Pictures stay out of the output. Return exactly the lines below from the one with "Any 1913. Obertura" down to the one with "欧洲科学院院士、校党委书记蒋", both included, and nothing more.

BEGIN EXTRACTED DATA

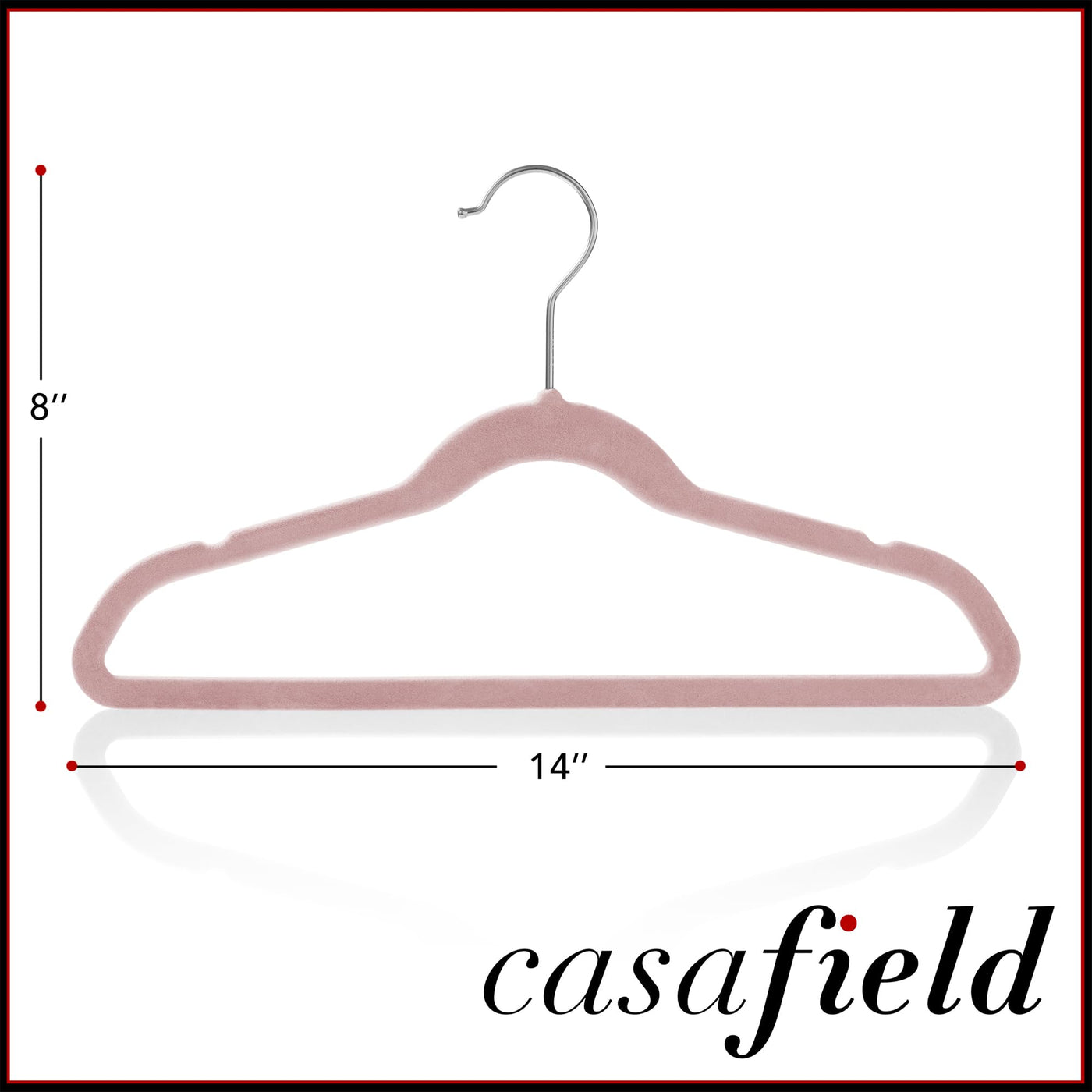 • Q: What is the size of the Casafield Velvet Kid's Hangers? A: The Casafield Velvet Kid's Hangers are designed with a width of 14 inches, making them suitable for children's clothes.
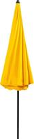 Hochwertiger Sonnenschirm in klassischem Design ideal für den Einsatz am Balkon geeignet. Das Gestell besteht aus epoxydbeschichtetem Stahl, mit Knickfunktion und innen verzinktem Unterrohr, die Streben aus stabilem Federstahl. Der Schieber zum Handöffnen sowie das Drehrad zur Höhenverstellung sind gummiert (sog. Softgrip - Ausführung) und leicht in der Handhabung. Der wetterfeste Bezug ist mit einem Volant versehen und aus optisch ansprechendem Strukturpolyester, mit hoher Lichtechtheit und einem starken UV-Schutz von LSF 50 +,. Befestigungsvarianten a) Montage über Rasendorn (Befestigung im Erdreich) b) Montage über 30 kg Granitsockel (hochwertiger Schirmsockel) c) Montage über Balkonsockel (nur in Verbindung mit Balkonklammer verwendbar)
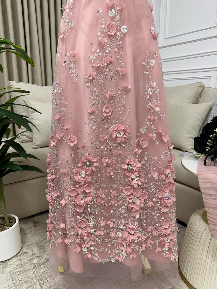 - الطبقة العلوية: مطرزة يدويًا بكثافة بتفاصيل ثلاثية الأبعاد (3D) من الزهور والأحجار الصغيرة اللامعة، خصوصًا في الجزء السفلي من التنورة، مما يمنحه طابعًا راقيًا ومترفًا.
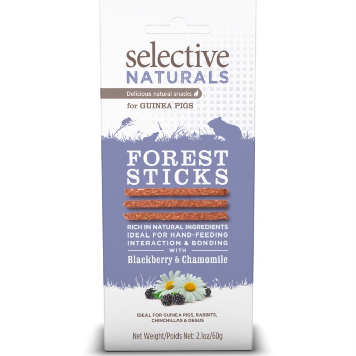 Selective Forest Sticks är snacks med smak av björnbär och kamomill för kaniner, marsvin, chinchilla och degu. Naturligt godis med hög fiberhalt. Innehåller inget tillsatt socker eller kemiska färgämnen. Med linfröolja för en blank päls.
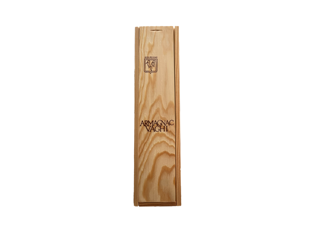 Dárkový box z borovicového dřeva s posuvným víkem na 1 láhev Armagnac Vaghi o objemu 0,7 l.
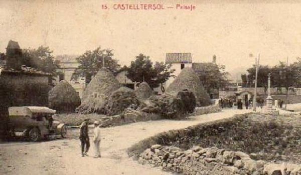 Any 1913. Obertura de la carretera en els seus inicis. Els pallers és probable que siguin de ca l'Anfruns (l'actual Hostal) a on s'hi realitzaven habitualment feines del camp. Al fons a la dreta es pot veure l'antiga creu de terme d'entrada a la vila.
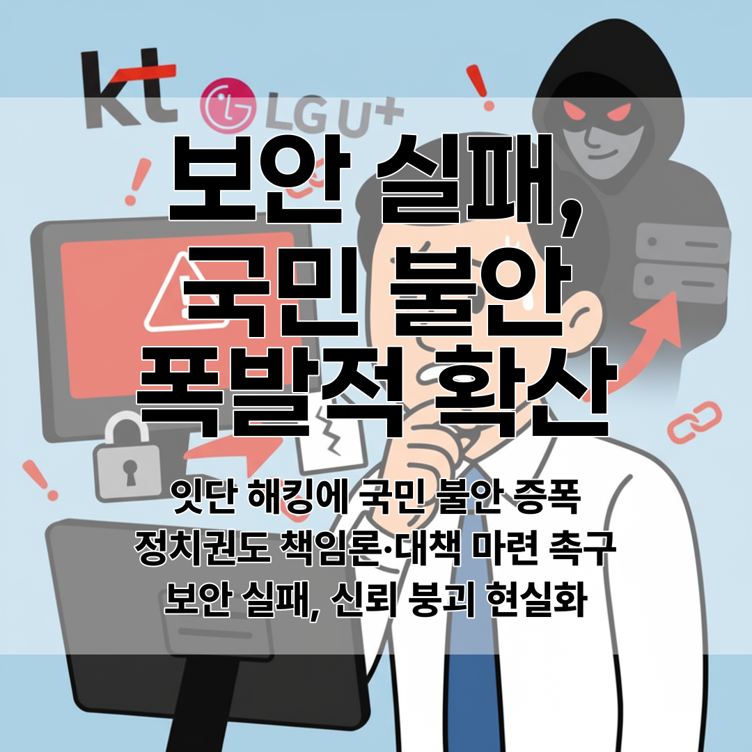 이통3사 모두 해킹 피해나 보안 사고를 겪으면서 국민의 불안과 분노가 확산되고 있으며, 반복되는 보안 실패로 인한 신뢰 붕괴가 현실화되고 있다.
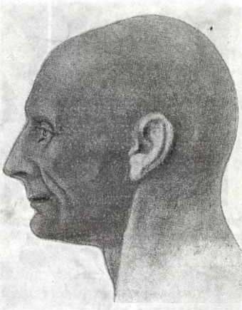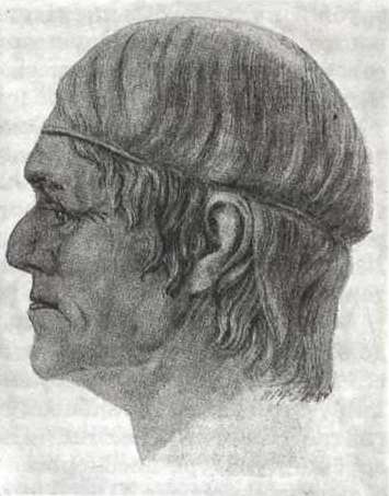 Рис. 192. Голова чоловіка з поховання 2 в кургані 5 катакомбної культури біля с. Новопилипівка. Реконструкція М. М. Герасимова
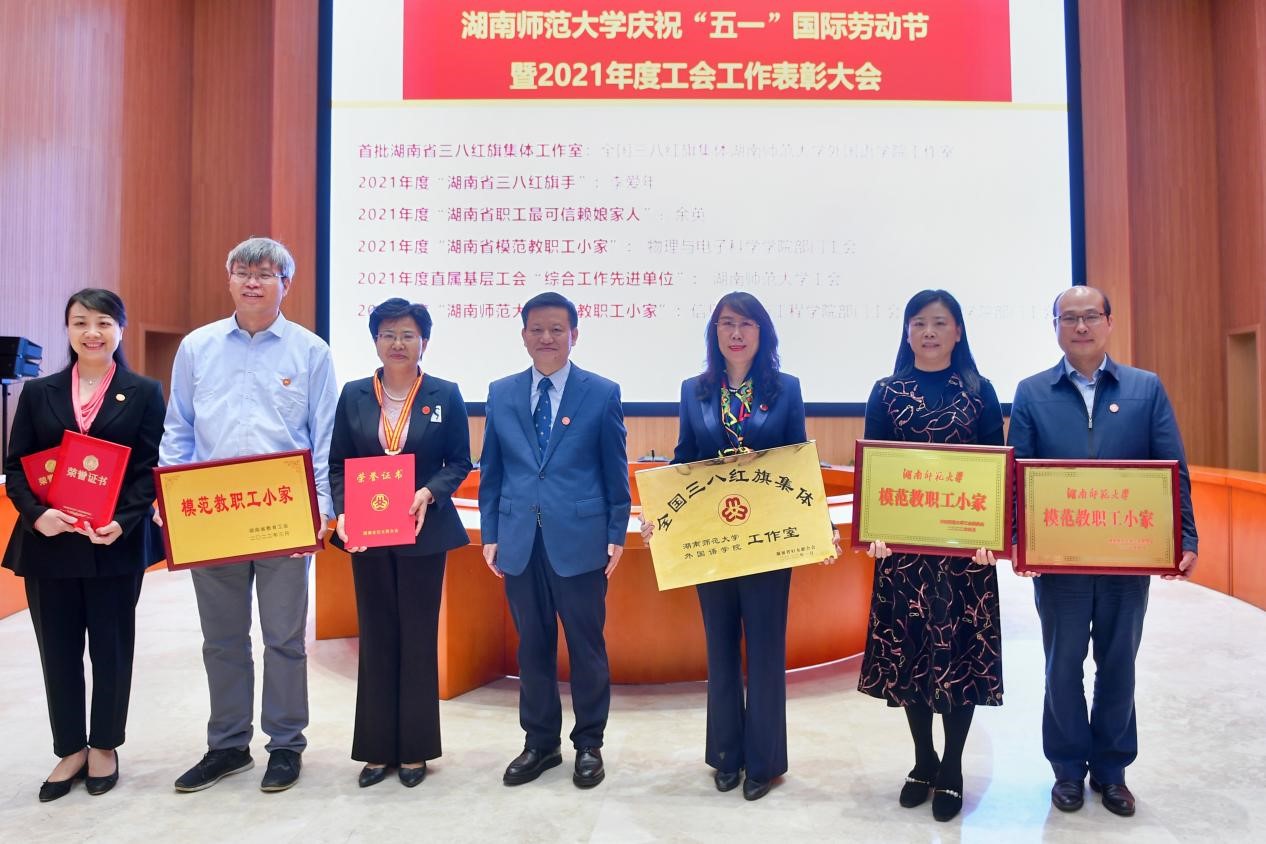 欧洲科学院院士、校党委书记蒋洪新向全体师生员工致以“五一”节日的问候,并向获奖的集体和个人表示祝贺。他提出三点建议:第一,教师是高尚的劳动者。教书育人是教师的神圣职责,教师应当秉承师大仁爱精勤的校训,用心教学,潜心育人,为国家和社会培养更多的英才。第二, 劳动最光荣。我校有一批敬业乐道、守正创新的师德楷模和劳动模范。教师们要主动对接国家和湖南省重大战略需求,不断提升科研创新能力和社会服务能力,以创新思维和实干实绩来彰显双一流大学的实力和担当。第三,师大是全体师生共同的幸福家园。学校的每一次跨越式发展都凝聚了全体师大人的智慧与汗水,全体师生和工会组织要继续发扬艰苦奋斗、团结拼搏的优良传统,广泛凝聚发展合力,以优异的成绩迎接党的二十大胜利召开。
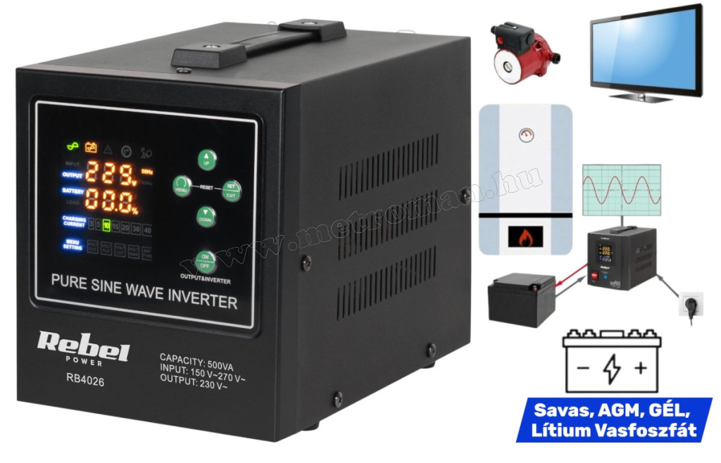 Ha megbízható, központi fűtéshez és keringető szivattyúhoz tervezett szinusz inverterre van szüksége, a Rebel Power 500 a legjobb választás. Ne hagyja, hogy a váratlan áramkimaradások megzavarják az otthoni kényelmét!
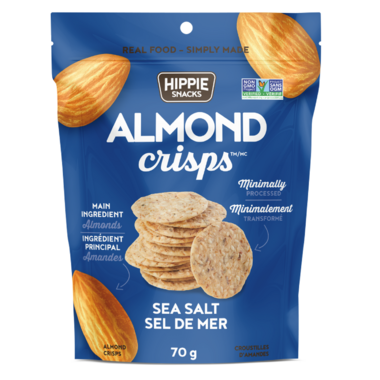 Hippie Snacks Almond Crisps Sea Salt flavour. Minimally processed.
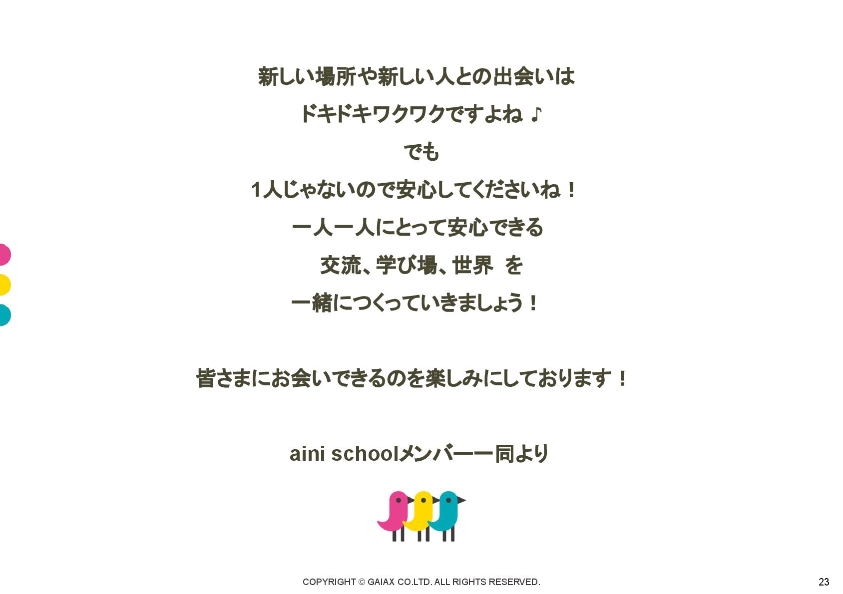 ♪ でも 1人じゃないので安心してくださいね! 一人一人にとって安心できる 交流、学び場、世界 を 一緒につくっていきましょう! 皆さまにお会いできるのを楽しみにしております! aini schoolメンバー一同より
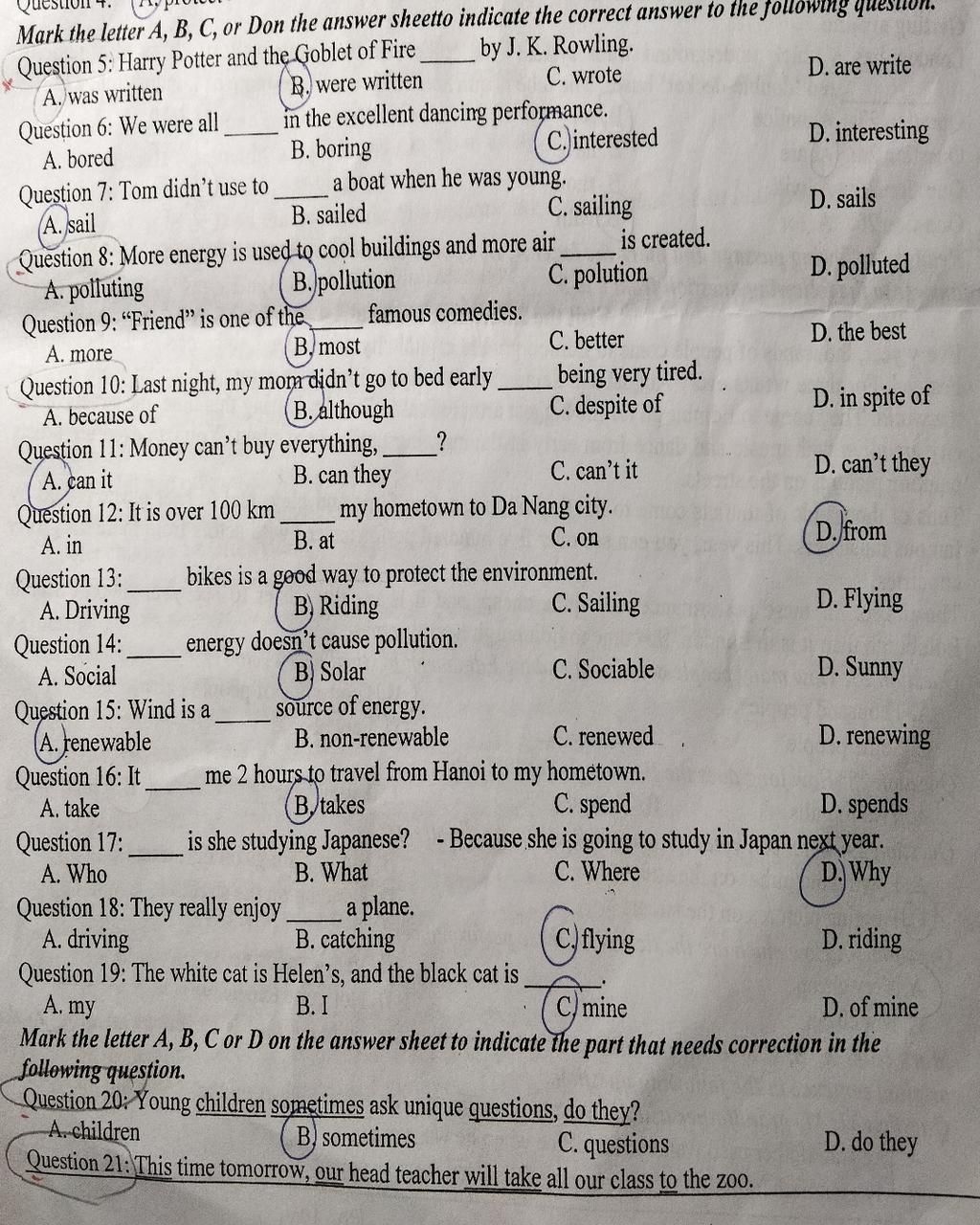 Làm lại hộ mình những câu bị khoảnh tròn vs ạ(question 5,8,10,20,21)

END EXTRACTED DATA

ANSWER SPACE:
 Any 1913. Obertura de la carretera en els seus inicis. Els pallers és probable que siguin de ca l'Anfruns (l'actual Hostal) a on s'hi realitzaven habitualment feines del camp. Al fons a la dreta es pot veure l'antiga creu de terme d'entrada a la vila.
 이통3사 모두 해킹 피해나 보안 사고를 겪으면서 국민의 불안과 분노가 확산되고 있으며, 반복되는 보안 실패로 인한 신뢰 붕괴가 현실화되고 있다.
 Рис. 192. Голова чоловіка з поховання 2 в кургані 5 катакомбної культури біля с. Новопилипівка. Реконструкція М. М. Герасимова
 欧洲科学院院士、校党委书记蒋洪新向全体师生员工致以“五一”节日的问候,并向获奖的集体和个人表示祝贺。他提出三点建议:第一,教师是高尚的劳动者。教书育人是教师的神圣职责,教师应当秉承师大仁爱精勤的校训,用心教学,潜心育人,为国家和社会培养更多的英才。第二, 劳动最光荣。我校有一批敬业乐道、守正创新的师德楷模和劳动模范。教师们要主动对接国家和湖南省重大战略需求,不断提升科研创新能力和社会服务能力,以创新思维和实干实绩来彰显双一流大学的实力和担当。第三,师大是全体师生共同的幸福家园。学校的每一次跨越式发展都凝聚了全体师大人的智慧与汗水,全体师生和工会组织要继续发扬艰苦奋斗、团结拼搏的优良传统,广泛凝聚发展合力,以优异的成绩迎接党的二十大胜利召开。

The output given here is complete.